Salí del hospital a los pocos días curado y feliz. Llegué a mi casa, encontré el teléfono móvil y lo tiré a la basura. Desde entonces vivo perfectamente, hago mi vida normal y no respiro lo que se dice nada. Cero, nada de aire pasa a mis pulmones, ni por la nariz ni por la boca y que yo sepa no existe ninguna otra forma de acceder a ellos, por lo que se puede afirmar categóricamente que no necesito respirar para estar vivo. Estoy en condiciones de asegurar que la felicidad suprema consiste precisamente en eso, en no tener que respirar.  Una maravilla.
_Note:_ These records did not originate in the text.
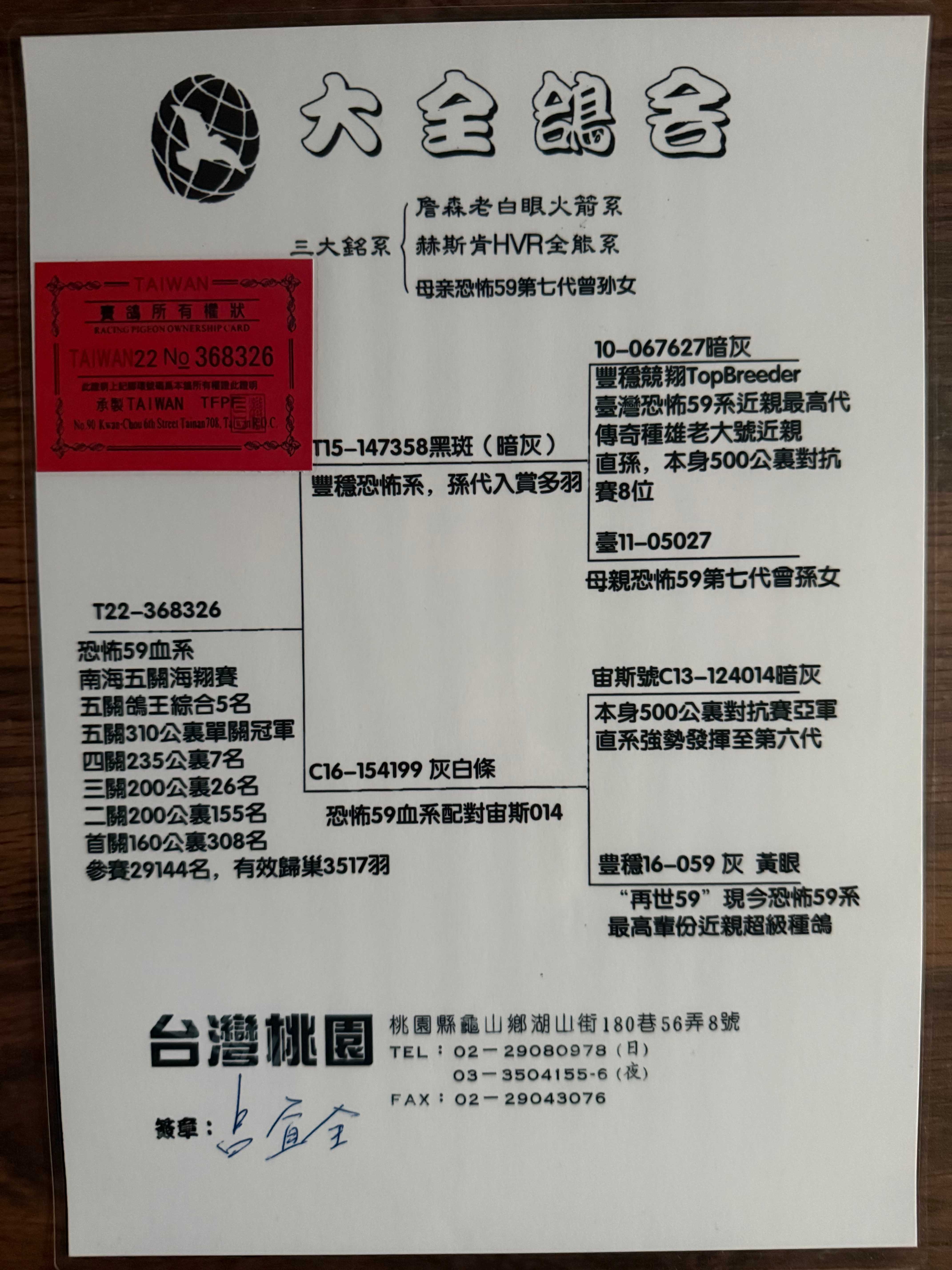 - 当前查看拍卖鸽:台湾大全鸽舍”恐怖59血系“ 本身五关鸽
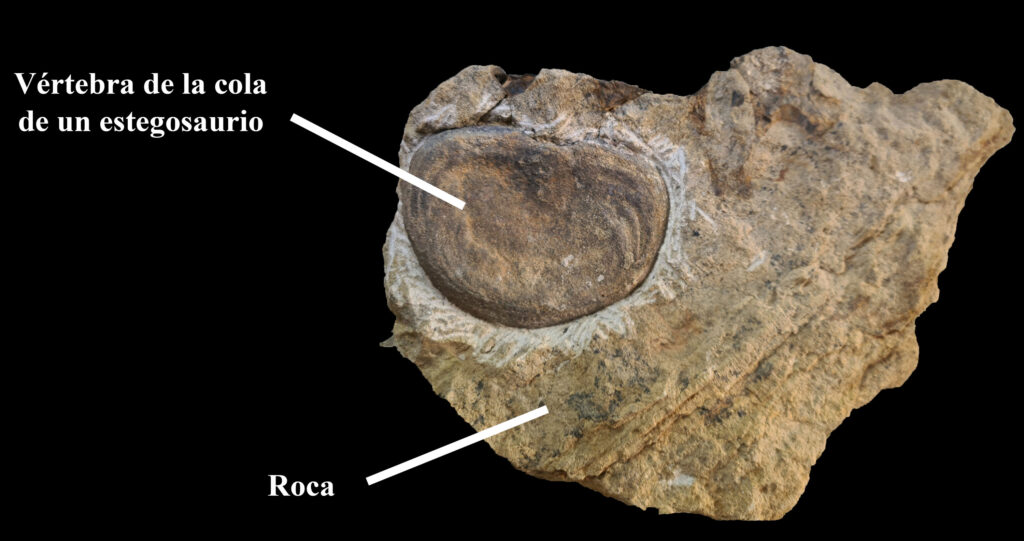 Una de las vértebras caudales de un dinosaurio estegosaurio procedente de Riodeva durante su proceso de extracción de la roca.
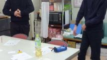 もともと恵方巻は、「無病息災、家内円満、縁を切らない」など、願いを込めた縁起物として食べられています。たまご・キュウリ・ちくわ・たくわん・お肉などの具材を入れ、「卵焼きの厚さは?」「キュウリきれいに切れてる」「巻きす上手く巻けないなあ」などとつぶやきながら、福を招くことができるよう願いを込めて巻いていきます。恵方巻が完成すると、今年の恵方「南南東」を向いて、「幸福を一気にいただこう!」と縁起を担ぎながら美味しくいただきました。同時に「節分」の豆で豆つまみ大会も行い、この時期の日本独自の風習を体験しました。
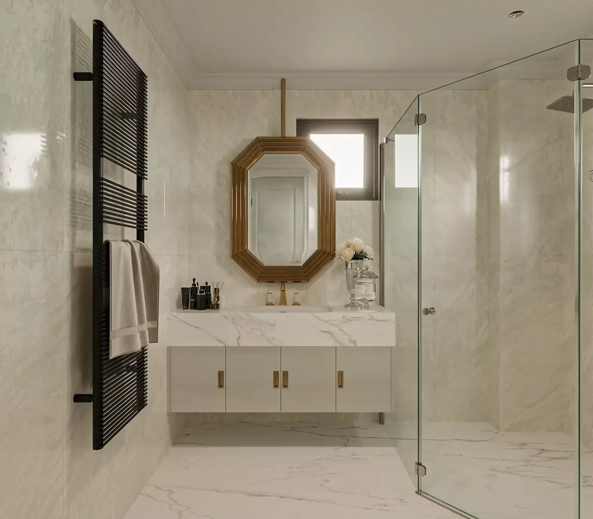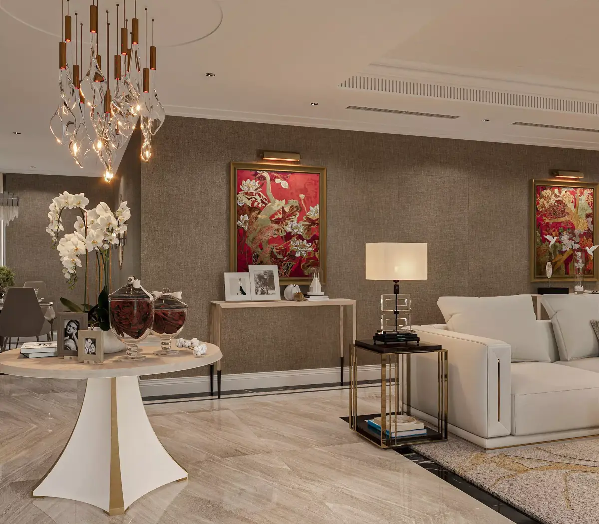 This luxurious living room embodies modern elegance with a touch of timeless sophistication. Featuring plush white sofas, a striking crystal chandelier, and a sleek marble coffee table adorned with vibrant red roses, the space exudes both comfort and grandeur. Warm ambient lighting from the table lamps creates a welcoming atmosphere, while the soft patterned rug ties the entire room together with subtle harmony. The mirrored wall and fireplace add depth and refinement, making this living room not only a place to gather but also a statement of luxury lifestyle.

Lo mejor de todo es que como no sufren el proceso de oxidación, mis células no envejecen, aunque cuando me pasó esto ya se encontraban bastante envejecidas. Y así estoy, acabo de cumplir ciento ochenta y tres años y me encuentro como si solo tuviera noventa y tres.

El único síntoma que tengo de mi avanzada edad es que de vez en cuando se me olvida alguna cosa. Supongo que es comprensible pero resulta bastante irritante. Canguro, canguro... ¿qué pasaba con el canguro? ¡Maldita sea!